◆ Description of the task ◆
Transcribe the listing below in full, exactly, with no images.

◆ Material provided ◆
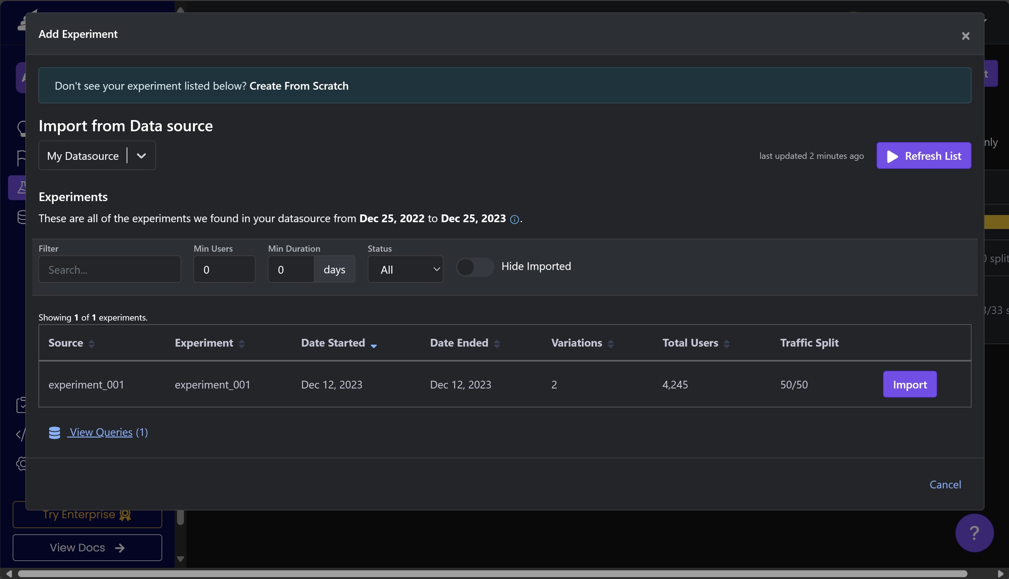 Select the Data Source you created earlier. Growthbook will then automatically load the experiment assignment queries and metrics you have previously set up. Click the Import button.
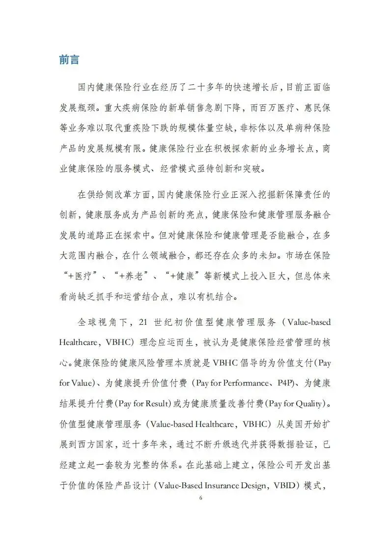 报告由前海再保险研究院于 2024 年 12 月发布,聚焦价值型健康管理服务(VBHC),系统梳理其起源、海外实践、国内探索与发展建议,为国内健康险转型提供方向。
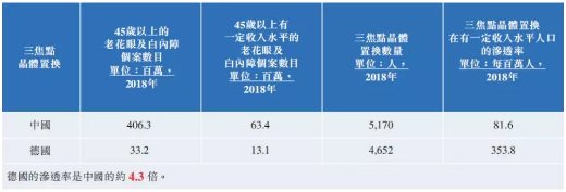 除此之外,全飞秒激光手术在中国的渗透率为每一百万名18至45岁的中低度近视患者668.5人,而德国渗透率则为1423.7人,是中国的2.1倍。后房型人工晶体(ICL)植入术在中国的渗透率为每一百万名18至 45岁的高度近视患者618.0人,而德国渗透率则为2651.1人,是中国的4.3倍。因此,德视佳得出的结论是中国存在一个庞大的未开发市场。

◆ Final answer ◆
 Select the Data Source you created earlier. Growthbook will then automatically load the experiment assignment queries and metrics you have previously set up. Click the Import button.
 报告由前海再保险研究院于 2024 年 12 月发布,聚焦价值型健康管理服务(VBHC),系统梳理其起源、海外实践、国内探索与发展建议,为国内健康险转型提供方向。
 除此之外,全飞秒激光手术在中国的渗透率为每一百万名18至45岁的中低度近视患者668.5人,而德国渗透率则为1423.7人,是中国的2.1倍。后房型人工晶体(ICL)植入术在中国的渗透率为每一百万名18至 45岁的高度近视患者618.0人,而德国渗透率则为2651.1人,是中国的4.3倍。因此,德视佳得出的结论是中国存在一个庞大的未开发市场。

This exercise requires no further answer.